After 19 years, I had made a 180 degree turn within a few months. How did that happen? Looking back, the values and energy of my fellow students at the university and in the student union have had a lasting impact on and motivated me. Together we committed ourselves to the "Points of Honor" (similar to the Hippocratic Oath for doctors).

These “values of honor” call for a life with and for one another in Excellence, Leadership, Creativity, Service & Ethics! Cesar Ritz - one of the founding fathers of the luxury hotel industry and namesake of my alma mater - condensed the meaning of the five values into one sentence: "Ladies and Gentlemen - serving Ladies and Gentlemen".

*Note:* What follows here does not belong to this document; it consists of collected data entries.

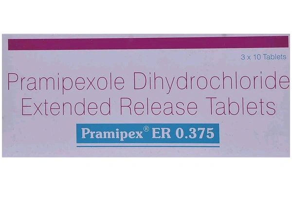 Pramipex ER 0.375 Tablet is used to treat the symptoms of Parkinson's disease and moderate to severe Willis-Ekbom disease (restless legs syndrome) in adults. It contains Pramipexole, which works by mimicking the action of dopamine (acting in place of dopamine), a natural substance found in the brain needed to control body movement. This triggers the nerve impulses in the brain that control body movements. In some cases, you may experience certain common side effects such as sleepiness, nausea, constipation, dizziness, fatigue, hallucinations, dry mouth, muscle spasms, and peripheral oedema (leg swelling due to fluid overload). Before taking this medicine, you should tell your doctor if you are allergic to any of its components or if you are pregnant/breastfeeding, and about all the medications you are taking and pre-existing medical conditions.
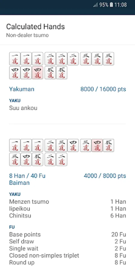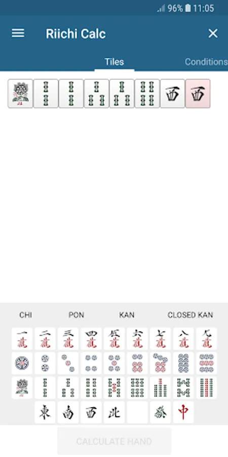 Riichi Calc is an easy to use app that takes any valid Japanese mahjong hand and calculates all possible winning combinations. A great companion for any Japanese mahjong player! Feel free to e-mail me about any calculation errors.
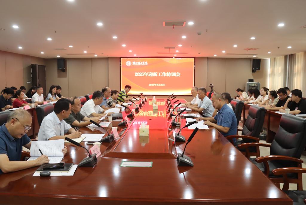 8月29日上午,学校在行政楼814会议室召开2025年迎新工作协调会。校长杨兵,校党委书记朱德顺,副校长汪建利、郑来纪出席会议,相关职能部门主要负责人、各二级学院主要负责人及书记助理、2025级新生辅导员参加会议。会议由汪建利主持。
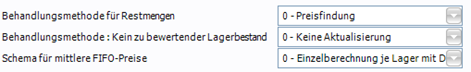 Die Restmenge wird mit dem EK aus der Datenübername aktualisiert (ARTIKELSTAMM.EK_DUEB). Ist kein Datenübernahmepreis vorhanden wir diese mit dem aktuellem EK (vor der FIFO-Bewertung) bewertet. Nachteil: Bei jeder Aktualisierung ändert sich dadurch der Mittel-EK, da die Restmenge immer mit dem aktuellen EK bewertet wird und der Mittel-EK neu berechnet wird. Im nächsten Durchlauf wird die Restmenge, dann mit dem Mittel-EK aus dem vorigen Durchlauf bewertet und wieder eingerechnet usw. | Drei neue Optionen im Grundlagenmanager
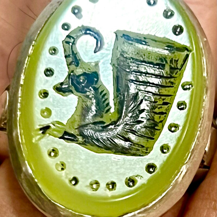 عقیق سبز کاهویی خوشرنگ ابعاد ۲/۵ در ۱/۸ سنگ معدنی خوشرنگ نشان جدید و مربوط به حدود ۴۰ سال قبل میباشد ولی بسیار دقیق و فنی حک شده نشان ریتون
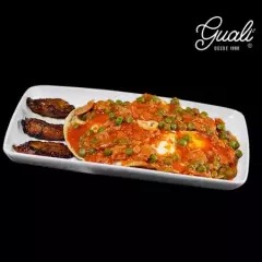 Huevos montados en tortilla frita bañados con salsa de tomate, jamón, chícharos y rodajas de plátano frito.
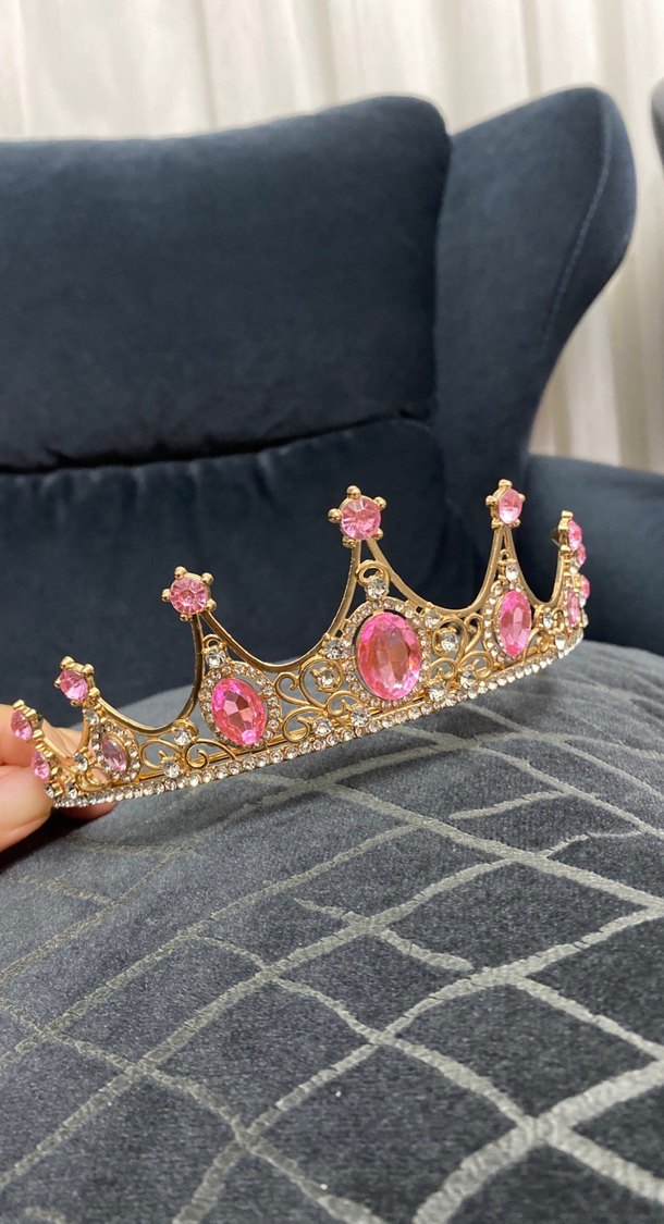 Pembe taşlarla süslenmiş, payet detaylı, bohem tarzda klasik ve gösterişli gelin tacı.

Values are so much more than empty words. They are our promise to ourself, our families, friends, employees and customers - and to the future. In view of the current global situation, I wonder how things are going with values in the hotel industry. Do we really still live and work for our employees and guests with excellence, leadership, creativity, service and ethics? Or have these values been finally lost due to the COVID pandemic, the sword of the controlling departments, the overriding digitization and cookie cutter strategies of the chain hotel industry?

Personally, my values led me from the ancient Greeks to the topics of the future, allowing me to overcome hurdles and always straightening myself up when being on the ground. As a change agent and transformer, that taught me to always look first at what is good and valuable in a company - and only then to look for what can be transformed from that basis.

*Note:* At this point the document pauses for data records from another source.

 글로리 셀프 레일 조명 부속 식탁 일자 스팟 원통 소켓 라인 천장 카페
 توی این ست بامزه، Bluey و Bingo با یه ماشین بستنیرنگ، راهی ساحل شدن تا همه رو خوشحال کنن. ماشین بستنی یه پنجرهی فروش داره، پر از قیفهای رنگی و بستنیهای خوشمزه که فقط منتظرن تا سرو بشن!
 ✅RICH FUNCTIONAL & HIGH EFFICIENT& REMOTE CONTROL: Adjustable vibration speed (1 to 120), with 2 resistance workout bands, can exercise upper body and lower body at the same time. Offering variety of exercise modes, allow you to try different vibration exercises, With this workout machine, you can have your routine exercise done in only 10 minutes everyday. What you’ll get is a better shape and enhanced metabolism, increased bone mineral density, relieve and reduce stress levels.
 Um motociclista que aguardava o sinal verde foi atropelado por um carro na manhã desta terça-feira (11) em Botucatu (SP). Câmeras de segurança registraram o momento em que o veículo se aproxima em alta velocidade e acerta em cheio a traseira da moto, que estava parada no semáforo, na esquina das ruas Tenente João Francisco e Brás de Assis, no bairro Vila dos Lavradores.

Rarely the traditions, beliefs, numbers and facts - but almost always the values of the people - help to survive difficult times and to reinvent oneself.

As Hannah Arendt said so perfectly: “When people come together, miracles have to be expected. We never know what's going to happen. This is another way of saying that the world is unpredictable. We do not know it. We'll try everything and then we'll see how we can handle it."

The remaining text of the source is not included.